For a long time After the discovery, other scientists tried to improve the quality of the drug, but only 10 years later, bacteriologist Howard Flory and chemist Ernst Chain were able to produce a truly pure form of the antibiotic. In 1945, Fleming, Florey and Chain received the Nobel Prize for their achievements.

History of the discovery of penicillin

The history of the discovery of the drug is quite interesting, since the appearance of the antibiotic was a happy accident. During those years, Fleming lived in Scotland and was engaged in research in the field of bacterial medicine. He was quite messy, so he didn’t always clean up the test tubes after tests. One day, a scientist left home for a long time, leaving Petri dishes with staphylococcus colonies dirty.

When Fleming returned, he found that mold was growing on them, and in some places there were areas without bacteria. Based on this, the scientist came to the conclusion that mold is capable of producing substances that kill staphylococci.

Wikimedia Commons / Steve Jurvetson () A bacteriologist isolated penicillin from fungi, but underestimated his discovery, considering the preparation of the medicine too difficult. The work was completed for him by Flory and Chain, who managed to come up with methods for purifying the drug and launching it into mass production.

It is impossible to imagine modern medicine without antibiotics. They help to successfully fight many infectious diseases and save millions of people every year. It should be noted that the discovery of antibiotics happened by accident, and who knows what would have happened to us if not for the research of Scottish professor Alexander Fleming. At the beginning of the last century, he managed to discover a special fungus that was absolutely harmless to humans, but regularly killed pathogens.

Discovery of penicillin

And it was like this. In 1906, Fleming, as a student, practiced in the clinical microbiology laboratory at St. Mary's Hospital in London. In 1922, he discovered a substance that destroys bacteria in human body- lysozyme. Somewhat later, in 1928, Fleming noticed that mold cultures destroy colonies of pathogenic microbes - streptococci and staphylococci.

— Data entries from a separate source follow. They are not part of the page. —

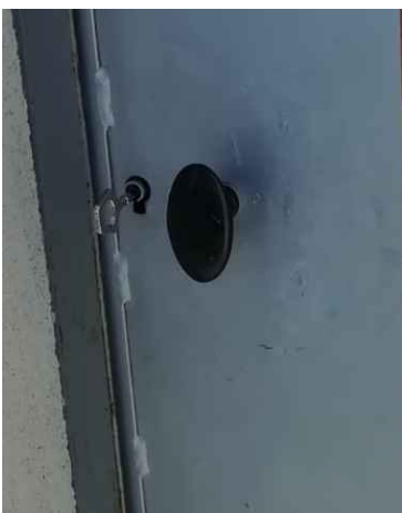
Réparation de la porte du réservoir, suite à une dégradation.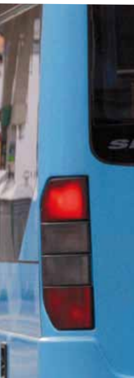
Wir fordern einen gut sichtbaren Anruf-Sammel-Taxi-Infopoint am Niedermarkt, Weidlinger Bahnhof und Rathausplatz, aber auch in Heiligenstadt mit – auch bei Dunkelheit – gut lesbaren Fahrplänen und eine übersichtlichere Darstellung des kompletten Öffi-Angebotes.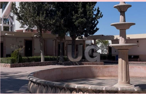
Superior de San Luis de la Paz

Visita a Escuelas de Nivel Superior de la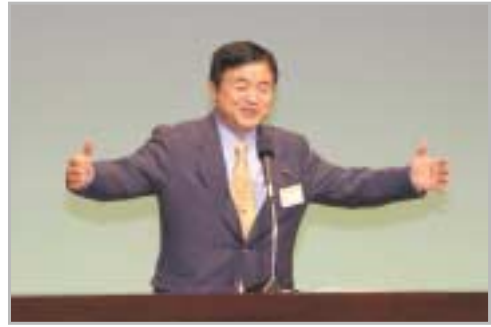
▲激励に訪れた文科省の遠藤利明副大臣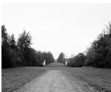
L'allée des Lions, avenue au nord du château.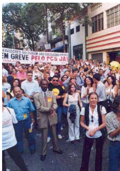
Paulistas cruzam os braços e exigem PCS, já!

Novamente, os servidores do Judiciário uniram-se aos demais setores do serviço público federal, para reivindicar o reajuste geral de salários e exigir a reestruturação do PCS. Novas pressões foram feitas pela Fenajufe e pelo Sindjus-DF junto à cúpula do Judiciário, tendo-se formado grupos de trabalho, com representantes dos trabalhadores e das direções dos tribunais superiores para avaliar a realidade salarial e as condições de trabalho.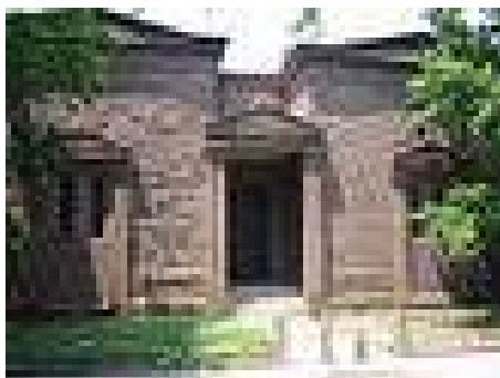
A Skull and Bones Hauptquartier bei Yale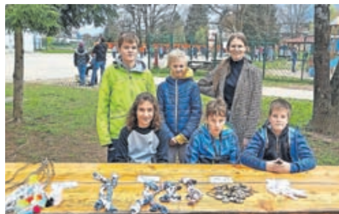
Izdelke, ki so nastali v okviru podjetniškega krožka, so prodajali na nedavni šolski dobrodelni prireditvi Radovljica otrokom.

»Letos smo izdelovali štiri različne produkte, igračke za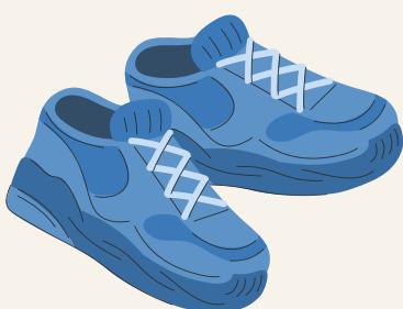
gebruikt gerecycled en stabiel bovenmateriaal en gerecyclede houten zolen of gemaakt van gerecycled rubberhars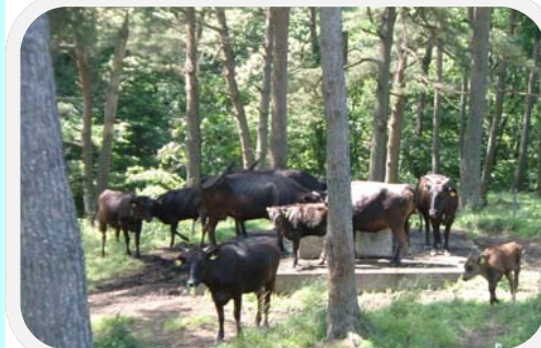
写真：林の残る牧草地(五戸町)

牧場を囲む柵には青森県産杉の間伐材を使い、県産材の利用拡大と資源の有効活用にも取り組んでいます。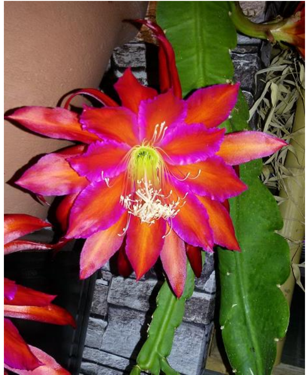
Epiphyllum-Hybride „Lady Ruffles“

After this, the researcher began to conduct targeted experiments, but for a long time penicillin remained invisible in scientific circles. The fact is that its discovery and application did not fit into the concept of strengthening the immune system accepted at that time.

Nevertheless, Fleming continued his research, managing to develop not only in the field of science, but also in art. By the way, the specialist’s artistic talent was realized in a very original way. Fleming knew how to draw, and created his works with the help of microbes and bacteria. Every separate species microorganisms have their own color. And so that the colonies of microbes spread within a given framework, without spoiling the overall color scheme, the artist separated them with borders made of penicillin.

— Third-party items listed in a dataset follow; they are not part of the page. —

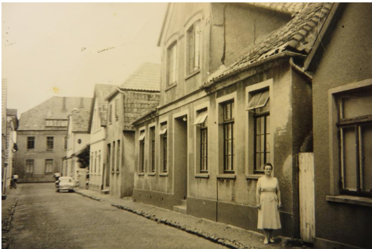
Abb. 8: Varel, Schüttingstraße. Die Person auf dem Foto steht vor der Hausnummer 13, dem ehemaligen Jüdischen Altenheim (1937 bis 1942), Juni/Juli 1939 Aufenthaltsort von Mathilde Schwarz. Ein zeitgenössisches Foto aus dem Zeitraum 1937 bis 1942 ist bisher unbekannt (Arbeitskreis Weinberghaus Varel).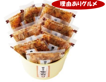
紀久屋 数の子松前 満杯詰合せ 4,860円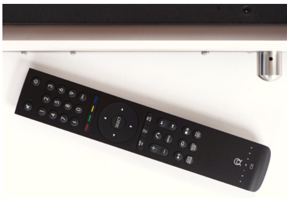
Eine Fernbedienung hat der Primare I35 natürlich auch

hensweise: Die sogenannten „Cast Services“ – das sind schlicht Wiedergabedienste, die mit Googles „Chromecast“ kooperieren (etwa Spotify, Deezer, Tunes und andere) – werden aus der Prisma-App heraus geöffnet, ihre Inhalte dann aber via Chromecast abgespielt.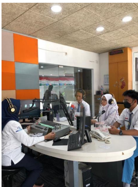
Hasil foto saat penyiar melakukan live streaming dengan salah satu murid dari SMA Negeri 2 Surabaya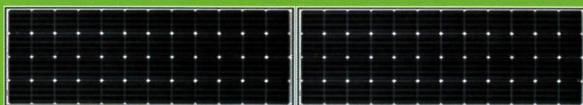
B:横配置・横2枚 <1段2列>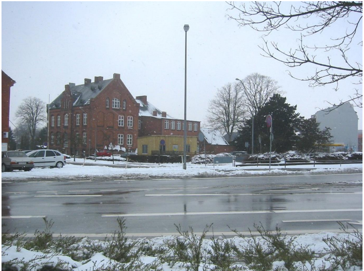
I dag parkeringsplads.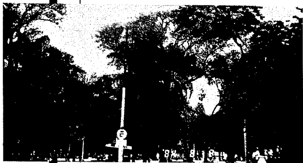
ハカラランダの樹木。淡紅色の花が咲いている(アスンシオン市)

う風情で家々に辻々にたたずんでいた。息をのむようなその悲慘は私に写真にとることをためらわせ、しかも人々はそこに居ることが旅人をうちのめした。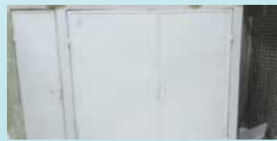
Colocação de portões no Cecon Santa Maria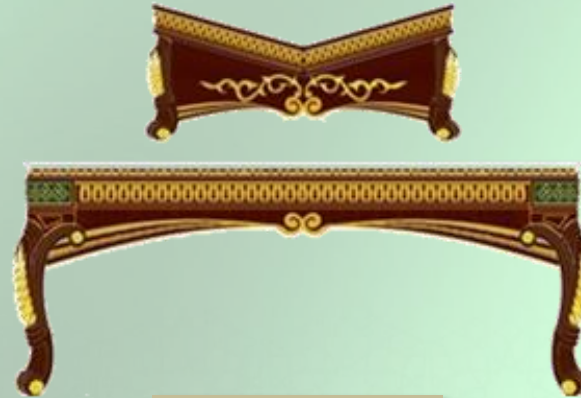
Meja & Rehal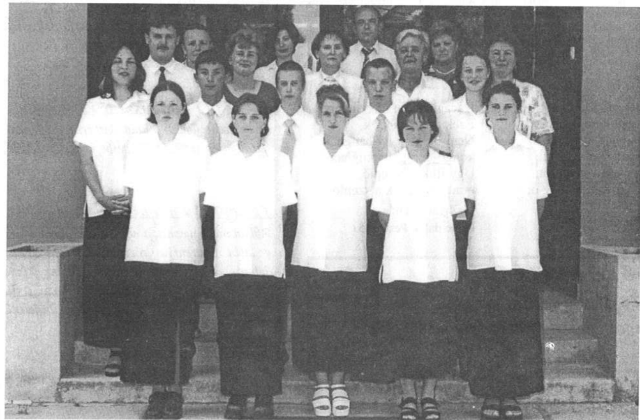
Előző számunkból helyhiány miatt kimaradt ballagóink fényképét most közöljük.

Until 1942, Fleming improved the new drug, and finally it began to be used for its intended purpose. At the height of World War II in the United States, the production of penicillin was put on an assembly line, which saved tens of thousands of American and allied soldiers from gangrene and amputation of limbs.

Until 1939, it was not possible to develop an effective culture. In 1941, the first injections of penicillin were made, but due to the small amount of it, the patient could not be saved. But after a few months, the drug was accumulated in sufficient quantities for an effective dose. The first person to be saved with the new antibiotic was a 15-year-old boy with an untreatable blood poisoning.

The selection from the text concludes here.